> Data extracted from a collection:
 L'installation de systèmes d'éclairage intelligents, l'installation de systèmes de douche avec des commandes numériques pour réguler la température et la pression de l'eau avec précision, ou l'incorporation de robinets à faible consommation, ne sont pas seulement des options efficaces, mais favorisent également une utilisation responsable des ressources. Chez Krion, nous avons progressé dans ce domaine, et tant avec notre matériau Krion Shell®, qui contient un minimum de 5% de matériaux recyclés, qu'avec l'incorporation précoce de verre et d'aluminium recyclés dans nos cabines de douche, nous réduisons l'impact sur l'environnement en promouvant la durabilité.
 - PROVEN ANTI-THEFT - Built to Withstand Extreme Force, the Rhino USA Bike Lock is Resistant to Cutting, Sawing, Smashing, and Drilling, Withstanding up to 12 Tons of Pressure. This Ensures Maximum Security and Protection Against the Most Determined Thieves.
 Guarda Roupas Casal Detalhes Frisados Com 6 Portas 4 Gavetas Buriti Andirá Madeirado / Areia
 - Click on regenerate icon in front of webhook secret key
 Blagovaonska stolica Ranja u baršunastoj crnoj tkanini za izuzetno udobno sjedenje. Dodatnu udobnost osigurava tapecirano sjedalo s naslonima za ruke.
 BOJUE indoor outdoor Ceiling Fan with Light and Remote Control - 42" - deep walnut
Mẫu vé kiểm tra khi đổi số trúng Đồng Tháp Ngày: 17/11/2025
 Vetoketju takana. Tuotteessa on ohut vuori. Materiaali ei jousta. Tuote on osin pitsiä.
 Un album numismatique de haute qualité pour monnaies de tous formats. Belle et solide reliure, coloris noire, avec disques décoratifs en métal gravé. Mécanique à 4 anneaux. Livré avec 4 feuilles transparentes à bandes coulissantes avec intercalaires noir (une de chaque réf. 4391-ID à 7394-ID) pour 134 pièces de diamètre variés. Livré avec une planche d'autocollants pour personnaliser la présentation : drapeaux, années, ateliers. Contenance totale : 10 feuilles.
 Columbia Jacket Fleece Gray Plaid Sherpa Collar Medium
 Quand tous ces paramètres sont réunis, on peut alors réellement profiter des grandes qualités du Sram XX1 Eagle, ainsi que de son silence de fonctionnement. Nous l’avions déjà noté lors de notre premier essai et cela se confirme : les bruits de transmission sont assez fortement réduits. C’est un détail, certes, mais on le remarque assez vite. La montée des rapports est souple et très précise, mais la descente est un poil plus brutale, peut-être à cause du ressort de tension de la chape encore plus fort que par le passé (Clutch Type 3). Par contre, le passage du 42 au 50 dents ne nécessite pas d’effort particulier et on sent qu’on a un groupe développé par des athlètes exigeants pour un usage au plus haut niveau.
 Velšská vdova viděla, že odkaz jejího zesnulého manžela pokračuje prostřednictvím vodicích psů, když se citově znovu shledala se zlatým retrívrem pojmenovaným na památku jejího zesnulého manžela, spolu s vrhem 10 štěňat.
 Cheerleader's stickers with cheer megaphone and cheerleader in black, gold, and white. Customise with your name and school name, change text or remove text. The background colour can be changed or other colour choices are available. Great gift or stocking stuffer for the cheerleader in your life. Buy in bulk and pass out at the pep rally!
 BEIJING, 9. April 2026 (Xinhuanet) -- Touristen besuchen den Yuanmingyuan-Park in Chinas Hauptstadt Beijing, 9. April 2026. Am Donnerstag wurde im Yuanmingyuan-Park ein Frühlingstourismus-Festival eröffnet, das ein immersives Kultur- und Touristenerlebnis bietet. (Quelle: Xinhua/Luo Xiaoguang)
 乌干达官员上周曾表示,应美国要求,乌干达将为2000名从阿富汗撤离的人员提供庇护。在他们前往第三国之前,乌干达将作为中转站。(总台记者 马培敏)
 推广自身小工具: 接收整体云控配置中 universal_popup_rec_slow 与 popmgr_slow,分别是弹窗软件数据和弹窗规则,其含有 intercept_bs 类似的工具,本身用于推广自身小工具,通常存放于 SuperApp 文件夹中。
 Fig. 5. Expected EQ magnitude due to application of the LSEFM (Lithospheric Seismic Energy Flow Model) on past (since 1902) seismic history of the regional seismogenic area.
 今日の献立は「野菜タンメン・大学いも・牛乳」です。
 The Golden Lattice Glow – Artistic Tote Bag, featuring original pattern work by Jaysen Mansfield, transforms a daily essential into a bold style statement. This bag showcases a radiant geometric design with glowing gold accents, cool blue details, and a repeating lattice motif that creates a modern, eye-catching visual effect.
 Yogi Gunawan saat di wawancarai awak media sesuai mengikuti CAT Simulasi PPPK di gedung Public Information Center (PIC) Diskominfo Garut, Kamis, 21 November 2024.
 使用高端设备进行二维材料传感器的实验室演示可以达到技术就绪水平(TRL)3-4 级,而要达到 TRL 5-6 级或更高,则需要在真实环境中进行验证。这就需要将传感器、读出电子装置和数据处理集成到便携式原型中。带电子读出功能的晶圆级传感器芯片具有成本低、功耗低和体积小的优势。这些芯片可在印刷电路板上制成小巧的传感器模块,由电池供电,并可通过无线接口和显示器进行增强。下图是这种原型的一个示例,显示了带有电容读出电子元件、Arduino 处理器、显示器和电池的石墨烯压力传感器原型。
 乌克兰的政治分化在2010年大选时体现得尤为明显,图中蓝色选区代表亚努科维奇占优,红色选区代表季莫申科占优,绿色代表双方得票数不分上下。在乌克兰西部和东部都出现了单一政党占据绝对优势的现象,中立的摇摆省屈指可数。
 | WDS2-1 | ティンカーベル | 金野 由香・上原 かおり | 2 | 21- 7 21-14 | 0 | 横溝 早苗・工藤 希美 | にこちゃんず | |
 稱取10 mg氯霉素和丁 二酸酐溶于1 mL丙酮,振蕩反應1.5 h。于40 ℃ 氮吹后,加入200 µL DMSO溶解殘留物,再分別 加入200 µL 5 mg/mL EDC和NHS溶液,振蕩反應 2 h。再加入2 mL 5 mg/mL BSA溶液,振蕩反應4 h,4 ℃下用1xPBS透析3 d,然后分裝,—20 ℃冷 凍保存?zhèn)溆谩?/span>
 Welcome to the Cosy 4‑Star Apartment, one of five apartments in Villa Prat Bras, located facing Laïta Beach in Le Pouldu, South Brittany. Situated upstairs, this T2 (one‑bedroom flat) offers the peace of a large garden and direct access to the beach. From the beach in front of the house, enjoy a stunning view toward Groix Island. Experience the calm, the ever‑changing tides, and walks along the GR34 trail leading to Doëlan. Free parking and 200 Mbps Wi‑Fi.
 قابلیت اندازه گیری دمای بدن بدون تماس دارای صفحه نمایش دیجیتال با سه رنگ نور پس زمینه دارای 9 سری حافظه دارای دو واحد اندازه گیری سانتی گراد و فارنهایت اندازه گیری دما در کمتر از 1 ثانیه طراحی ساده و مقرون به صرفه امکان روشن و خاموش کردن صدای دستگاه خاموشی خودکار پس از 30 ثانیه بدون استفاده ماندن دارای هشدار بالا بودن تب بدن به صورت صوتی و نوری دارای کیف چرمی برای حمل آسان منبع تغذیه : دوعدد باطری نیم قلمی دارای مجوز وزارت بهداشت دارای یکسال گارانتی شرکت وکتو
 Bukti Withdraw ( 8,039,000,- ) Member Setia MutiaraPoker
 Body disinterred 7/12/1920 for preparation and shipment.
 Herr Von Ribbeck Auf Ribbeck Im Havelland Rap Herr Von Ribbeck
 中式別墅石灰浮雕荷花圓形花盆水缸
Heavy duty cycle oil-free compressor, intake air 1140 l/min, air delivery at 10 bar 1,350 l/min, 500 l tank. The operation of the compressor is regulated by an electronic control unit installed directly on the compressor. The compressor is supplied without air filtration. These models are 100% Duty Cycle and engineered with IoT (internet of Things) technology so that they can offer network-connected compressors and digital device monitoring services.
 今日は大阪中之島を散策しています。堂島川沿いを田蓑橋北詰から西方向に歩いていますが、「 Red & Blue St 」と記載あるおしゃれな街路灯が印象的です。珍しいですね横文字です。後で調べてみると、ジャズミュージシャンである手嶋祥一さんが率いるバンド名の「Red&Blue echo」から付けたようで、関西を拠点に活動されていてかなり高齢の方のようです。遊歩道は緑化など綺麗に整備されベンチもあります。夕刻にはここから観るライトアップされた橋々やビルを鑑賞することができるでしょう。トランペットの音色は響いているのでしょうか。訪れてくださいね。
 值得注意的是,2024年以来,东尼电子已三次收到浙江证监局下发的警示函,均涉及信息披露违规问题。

> Task brief: Beginning with the line above that contains "今日の献立は「野菜タンメン・大学いも・牛乳」です。", copy each line exactly up to and including the line that contains "Yogi Gunawan saat", and go no further.

> Written solution:
 今日の献立は「野菜タンメン・大学いも・牛乳」です。
 The Golden Lattice Glow – Artistic Tote Bag, featuring original pattern work by Jaysen Mansfield, transforms a daily essential into a bold style statement. This bag showcases a radiant geometric design with glowing gold accents, cool blue details, and a repeating lattice motif that creates a modern, eye-catching visual effect.
 Yogi Gunawan saat di wawancarai awak media sesuai mengikuti CAT Simulasi PPPK di gedung Public Information Center (PIC) Diskominfo Garut, Kamis, 21 November 2024.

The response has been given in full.